The court finds the reasoning of the Second Circuit and the Tenth Circuit to be persuasive. Rather than applying only to a defendant's escape from a specific type of custody such as incarceration, the statute applies more broadly to " any custody under or by virtue of any process issued under the laws of the United States by any court judge, or magistrate judge." 18 U.S.C. § 751(a) (emphasis added). This suggests that Congress intended "custody" to have a broad interpretation. See Edelman, 726 F.3d at 309 ("It is significant that the statute applies to any custody, ' suggesting that the term custody' should have a broad interpretation."); Sack, 379 F.3d at 1180-81 (holding that "the plain language of the statute allows for a charge of escape based on any custody'").
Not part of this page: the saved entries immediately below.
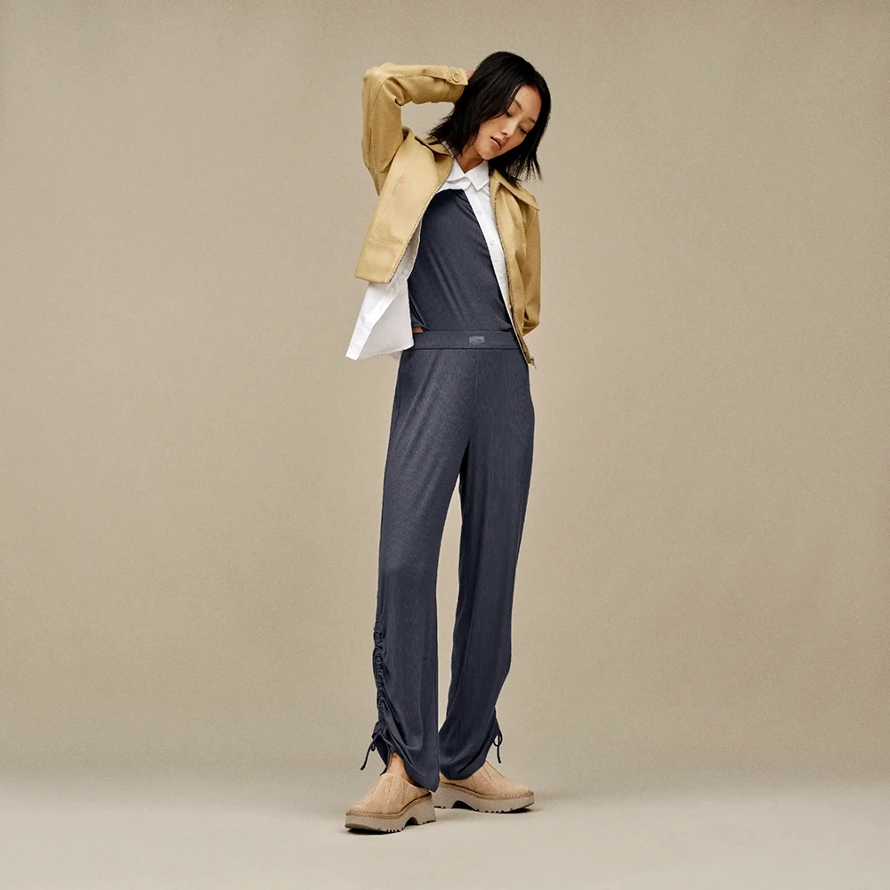To ruche or not to ruche, that is the question. The answer is in your hands with the Vyanna Pant Rib. Made with super soft ECOVERO™ viscose and a high rise, you’ll be set to lounge as long as you want in these ribbed bottoms.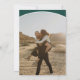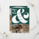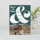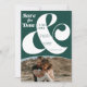 Modern and Elegant script calligraphy ampersand with rounded mask overlay of simple 2 photos in deep forest green emerald and white wedding save the date.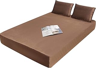 ボックスシーツ【柔らかな触感・抗菌防臭・吸水速乾】 マットレスカバー ベッドシーツ ベッドカバー 着脱簡単 快眠 弾力性 縮まない 全周ゴム付き 洗い可能 (#05.コーヒー色, 120×200cm・セミダブル)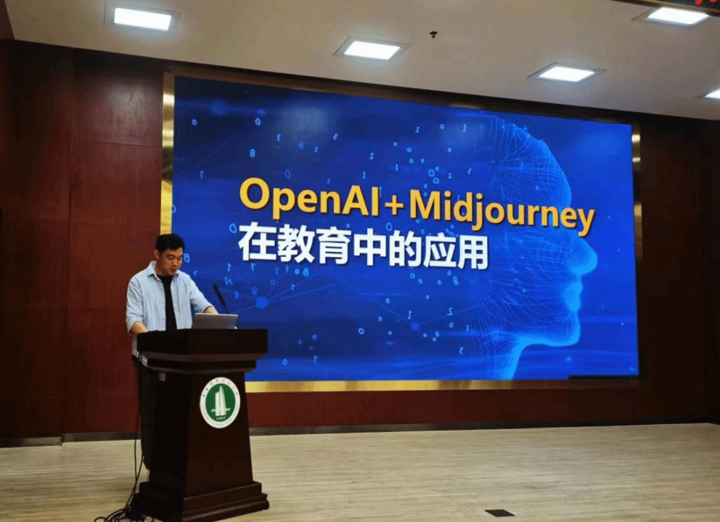 会议第三议程中,广州薪火互动科技有限公司CEO詹劲辉先生以及中瑆科技(广东)有限公司副总经理郭巍峰先生,分别分享了主题为“OpenAI+Midjourney在教育中的应用”和“OpenAI+ChatGPT为主线的数字媒体应用”的两场讲座。两场讲座同时在线上线下举行,由詹劲辉先生与郭巍峰先生亲自演示产品,引来专家、老师、学生们的热烈关注与交流讨论。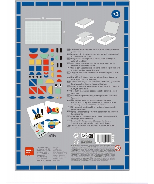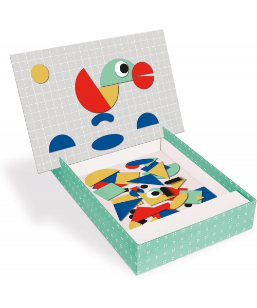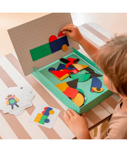 Cardboard magnetic toy, building blocks. The toy includes 15 sample cards and 30 magnetic shapes. The goal is to build different shapes on the magnetic board. The toy helps to develop observation and concentration skills in children.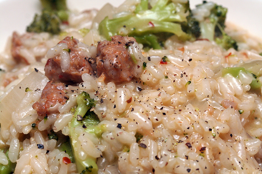 i made risotto for dinner. it takes more than half an hour to make but the effort is totally worth it as i'm left with fine risotto. my only regret is the leftover is never as good as the fresh from the stove. it's completely filling too, all that creamy rice and cheese and broccoli and sausages.
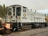 Diesels were being used on all trains by 1953, with the exception of ten-wheelers number 181 and 183 pulling passenger trains numbered 3 and 4 between San Rafael and Eureka with number 182 on standby. The #3/#4 trains offered sleeping cars, a cafe-lounge in addition to coach cars. Passengers from San Francisco would take Greyhound Buses from the San Francisco Ferry Building at the base of Market Street to San Rafael.[6] NWP locomotives 112, 140, 141, 143, and 178 plus SP numbers 2345, 2356, 2564, 2582, and 2810 were stored at Tiburon for emergency use;[7] but steam power had disappeared by 1955. On November 10, 1958, all mainline passenger service was discontinued south of Willits.[8][9] The only remaining service was a tri-weekly Willits-Eureka round trip, operated by a single Budd Rail Diesel Car, which ran until April 30, 1971.[10] When Amtrak took over intercity passenger rail service on May 1, 1971, it did not continue service on the NWP.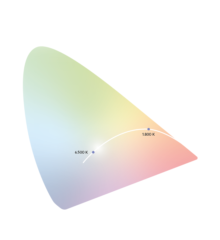 Über die Augen aufgenommene Lichts hat großen Einfluss auf verschiedene Körperfunktionen. Die Charakterisisierung des Spektrums erfolgt meistens über die wahrgenommene Farbtemperatur in Kelvin (°). In der Regel gilt: Je höher die Kelvinzahl, desto bläulicher (kälter) ist das Licht und desto mehr wirkt es wachmachend und aktivierend. Umgekehrt wirkt wärmes Licht stärker beruhigend und entspannend. Schmalbandiges Licht? Nicht bei uns! Im Gegensatz zu günstigen RGB-Technologien, nutzen wir hochwertige LED-Module mit breiten und sich über den Tagesverlauf verändernden Spektren. Denn Tageslicht is Vollspektrumlicht und ständiger Veränderung ausgesetzt.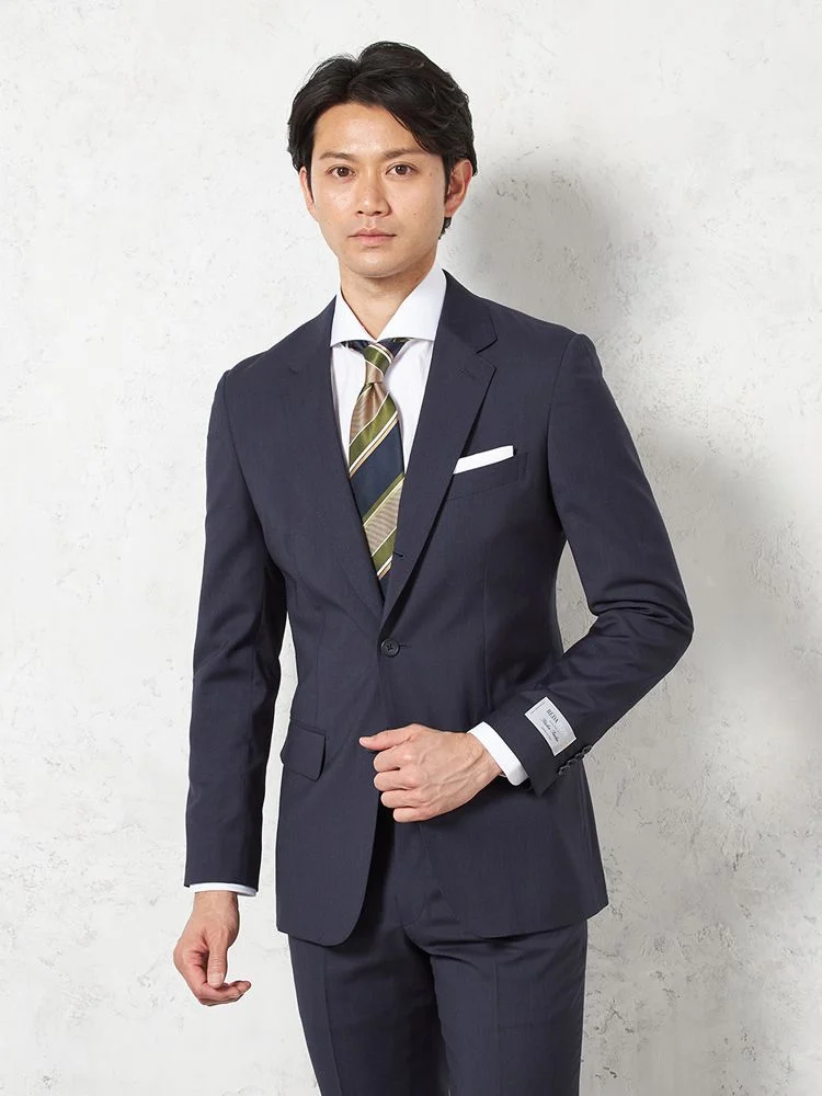 【上下ウォッシャブル】スリーピーススーツ2つボタン脚長スリムネイビーシャドウストライプNERO通年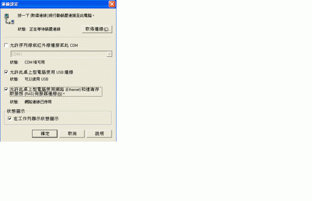想不到此問題引起不少的迴響, 好像有不少的受害者.到目前我用了好多方法, 包括更新windows及ActiveSync到最新版本, 也重開機好多次, 症頭還是一樣, 以紅外線連線是OK的, 但就是無法以USB連線, 怪怪!剛剛我從ActiveSync的<檔案><取得連線><下一部><說明><連線疑難排解員>, 得知在更新ActiveSync版本之後, 一定要(must)更新AvantGo Client Software, 請問各位先進, 這是甚麼東東? 有何用意? 因為以前沒聽過. 更新此東東就OK了嗎?無論如何, 感謝各位先進發表意見.CH Lin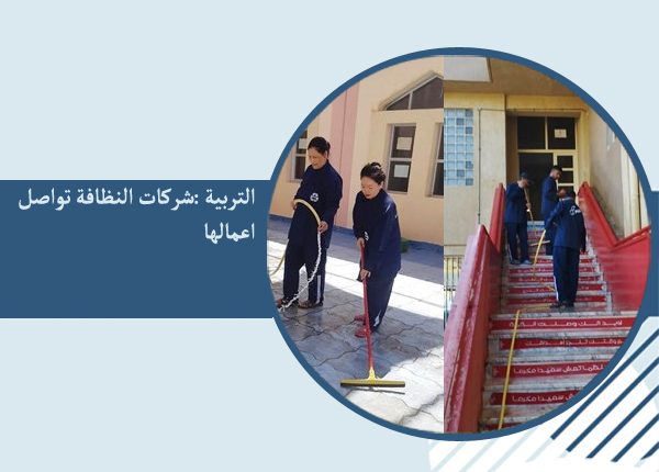 تواصل شركات النظافة أعمالها في مدارس ومنشآت وزارة التربية بمنطقتي العاصمة، ومبارك الكبير التعليميتين، استعدادا لبدء العام الدراسي الجديد 2022/2023 لتقديم خدمات التنظيف ونقل النفايات في المدارس والمنشآت التابعة لوزارة التربية في هاتين المنطقتين.
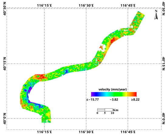 The second step is to investigate the deformation situation along the entire diversion canal, identify unstable areas, and explore the impact of groundwater level on subsidence. Affected by groundwater exploitation, the surface deformation in Beijing is dominated by subsidence [32,33,34]. Due to the sensitivity of InSAR to vertical deformation when compared with horizontal deformation, it is usually assumed that horizontal deformation can be ignored when investigating large-scale deformation [35,36,37]. In view of the above, to quickly investigate the overall situation on a large scale, we project the calculated LOS deformation into the vertical direction as the subsidence, which can be expressed as follows: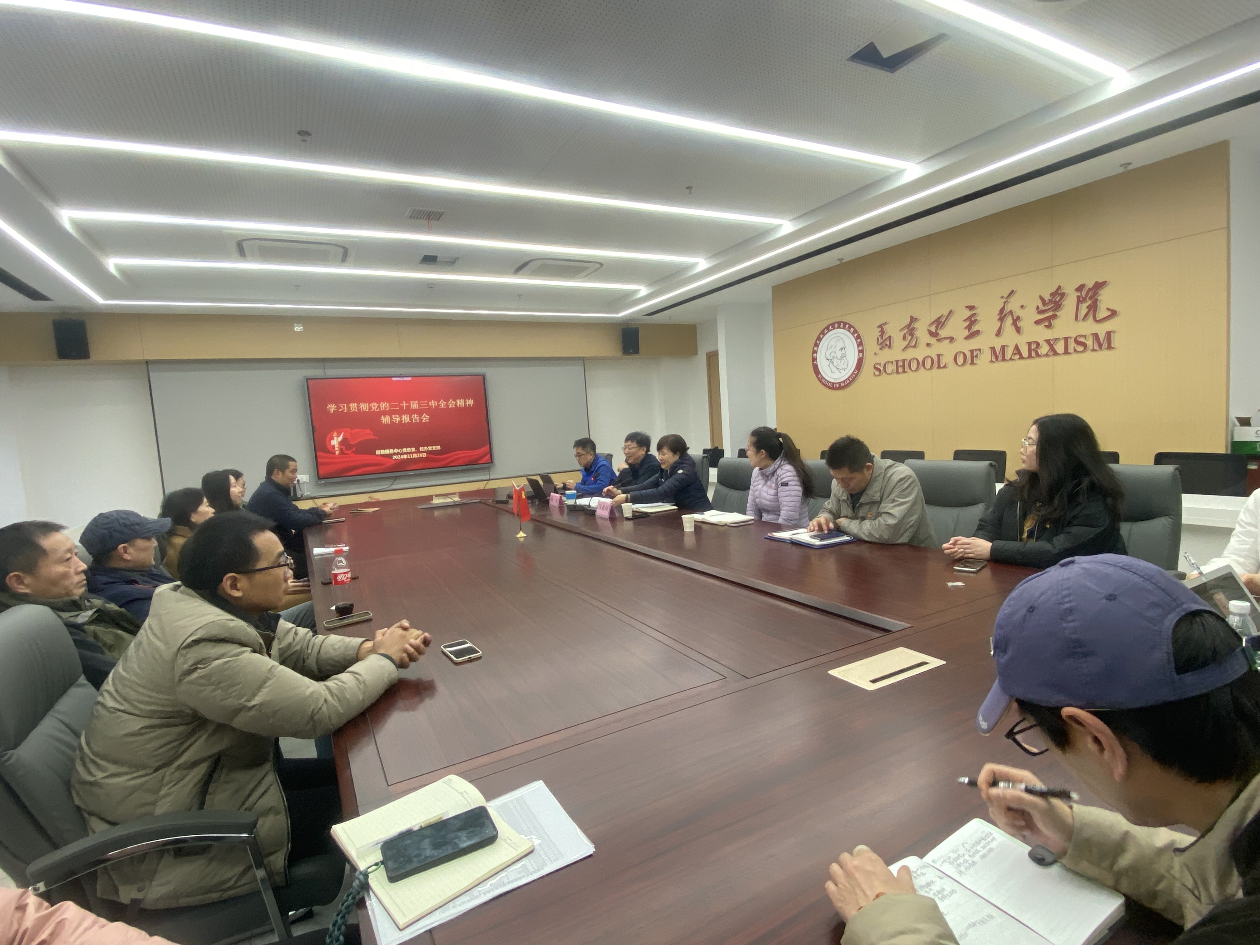 为深入学习贯彻党的二十届三中全会精神,进一步统一思想认识、凝聚奋进共识,11月28日下午,后勤服务中心党总支和校办党支部联合举办学习贯彻党的二十届三中全会精神辅导报告会,马克思主义学院党支部书记刘文教授作辅导报告,后勤党总支书记陈敏俐主持报告会。后勤服务中心全体党员、校办和发规处全体党员参加。

Indeed, "[a]lthough there must be an escape from custody [under § 751(a)], it is not necessary that the escapee at the time of the escape be held under guard or under direct physical restraint or that the escape be from a conventional penal housing unit such as a cell or cell block; the custody may be minimal and, indeed, may be constructive." United States v. Cluck, 542 F.2d 728, 731 (8th Cir. 1976); accord Sack, 379 F.3d at 1179 ("Custody [for purposes of § 751(a)] may be minimal and, indeed, may be constructive." (quoting United States v. Depew, 977 F.2d 1412, 1414 (10th Cir. 1992) (internal quotation mark omitted))). Moreover, this is not a case in which the court should apply the rule of lenity to construe the statute in favor of Defendant, because "the rule of lenity only applies if, after considering text, structure, history, and purpose, there remains a grievous ambiguity or uncertainty in the statute such that the [c]ourt must simply guess as to what Congress intended.'" United States v. Castleman, ___ U.S. ___, ___, 134 S.Ct. 1405, 1416 (2014) (quoting Barber v. Thomas, 560 U.S. 474, 488 (2010)); see also United States v. Brooks, 722 F.3d 1105, 1108 (8th Cir. 2013) ("The rule of lenity does not apply unless there is grievous ambiguity or uncertainty in the language' of the applicable statute." (quoting United States v. Speakman, 330 F.3d 1080, 1083 (8th Cir. 2003))). Congress's inclusion of the word "any" to modify custody simply does not leave a grievous ambiguity as to whether Congress intended the word "custody" to be broadly applied.

As the government points out, § 751(a) prohibits a defendant's escape or attempted escape in four distinct scenarios: when the person is (1) in custody of the Attorney General or his authorized representative; (2) confined in an institution or facility by direction of the Attorney General; (3) in custody under or by virtue of any process issued under the laws of the United States by any court, judge or magistrate judge; and (4) in the custody of an officer or employee of the United States pursuant to lawful arrest. Here, the grand jury charged that Defendant escaped "from custody in... an institution or facility in which he was lawfully confined under the laws of the United States pursuant to court order by virtue of a judgment and commitment of [the court]." Indictment at 1. Contrary to Defendant's assertion, the court need not consider whether Defendant was in the custody of the Attorney General because the government alleges he was in custody by virtue of a process issued under the laws of the United States by a court. The only question, then, is whether Defendant was in custody, and because the court has concluded that Defendant was in custody when he was ordered to reside at the RRC, the court shall deny the Motion.

IV. CONCLUSION

In light of the foregoing, Defendant Jamie Goad's "Motion to Dismiss for Lack of Jurisdiction/Failing to State an Offense" (docket no. 9) is DENIED.

IT IS SO ORDERED.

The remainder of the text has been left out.